There Are Only Nine Meals Between Mankind and Anarchy

Alfred Henry Lewis? Larry Niven? Jerry Pournelle? Eric Sevareid? George Allan England? Donald Lowrie? John J. Fitzgerald? Hiram Motherwell? Anonymous?

Dear Quote Investigator: When the food supplies of a society are disrupted it takes only a few days before extreme behaviors emerge, e.g., chaos, mayhem, and rebellion. An adage states that:

There are only a small number of meals between humanity and anarchy.

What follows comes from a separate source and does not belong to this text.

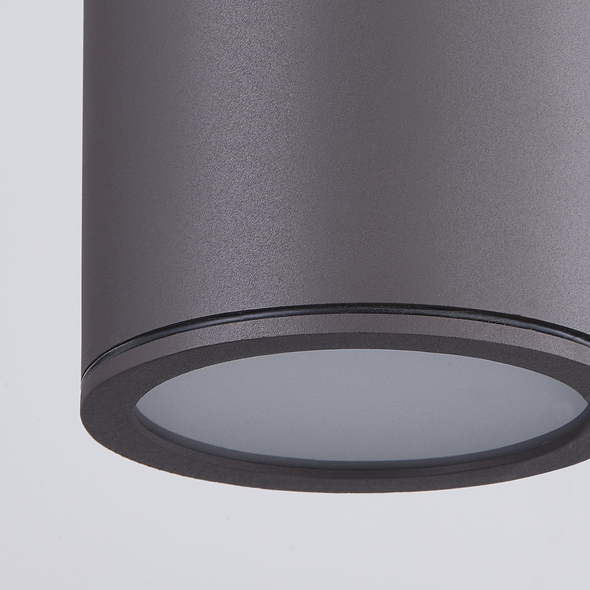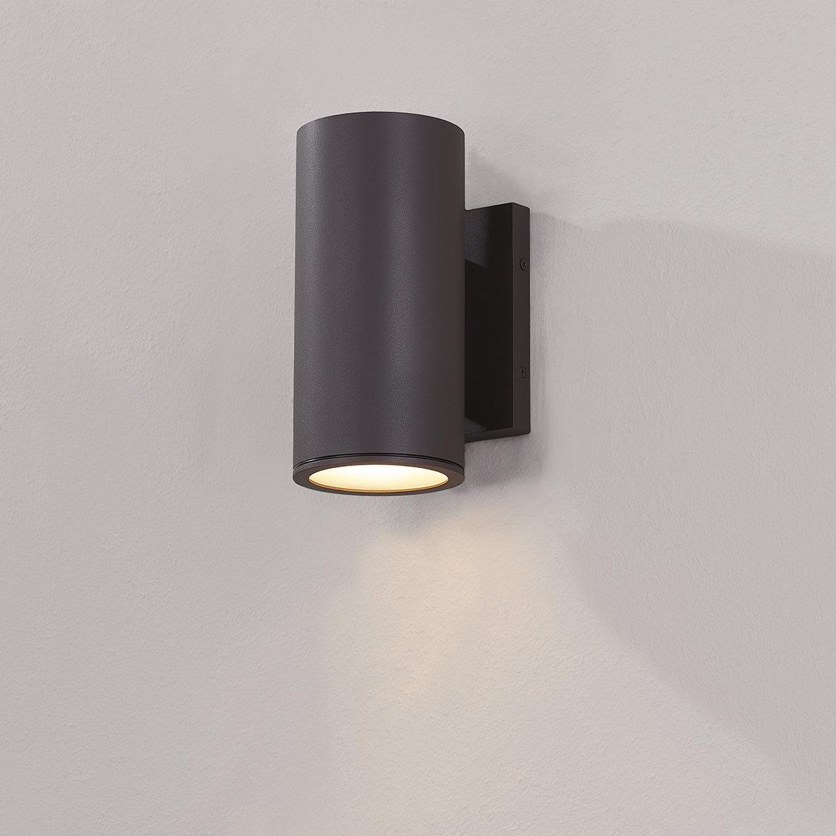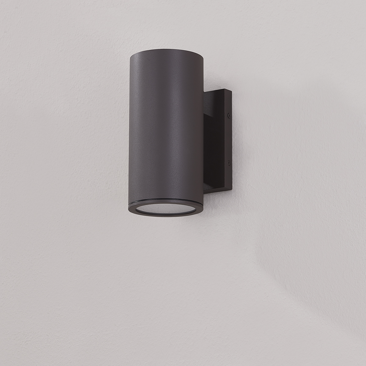 With its smooth, cylindrical shade and square backplate, this exterior sconce feels modern and architectural. Light flows through the etched glass to wash the wall in a soft glow and provide ambient illumination on walkways. Available in a Texture Black or Texture Bronze finish in one- or two-light options to fit any exterior. One-light fixture is Dark-Sky compliant.

Would you please explore this topic?

Quote Investigator: This saying is difficult to trace because it can be expressed in many ways. Here is an overview showing selected examples with dates and ascriptions:

1896: The only barrier between us and anarchy is the last nine meals we’ve had. (Alfred Henry Lewis)
1906: There are only nine meals between mankind and anarchy. (Alfred Henry Lewis)
1911: Only nine meals stood between civilization and anarchy. (Anonymous)
1916: Only about seven meals stand between a man and anarchy. (Anonymous)
1932: We are never more than nine meals away from anarchy. (John J. Fitzgerald)
1942: There are only nine meals between man and revolution. (Anonymous)
1946: No one is more than nine meals away from murder. (Theo. G. Lurman Jr.)
1947: Every man is only nine meals away from Communism. (Leland L. Sage)
1974: No man was ever more than about nine meals away from crime or suicide. (Eric Sevareid)
1977: No country is more than three meals away from a revolution. (Larry Niven and Jerry Pournelle)
1980: You’re only nine meals away from being a criminal. (Anonymous prison inmate)
1980: Each of us is only nine meals away from stealing. (Robert L. Eddy)

Below are the details for these citations.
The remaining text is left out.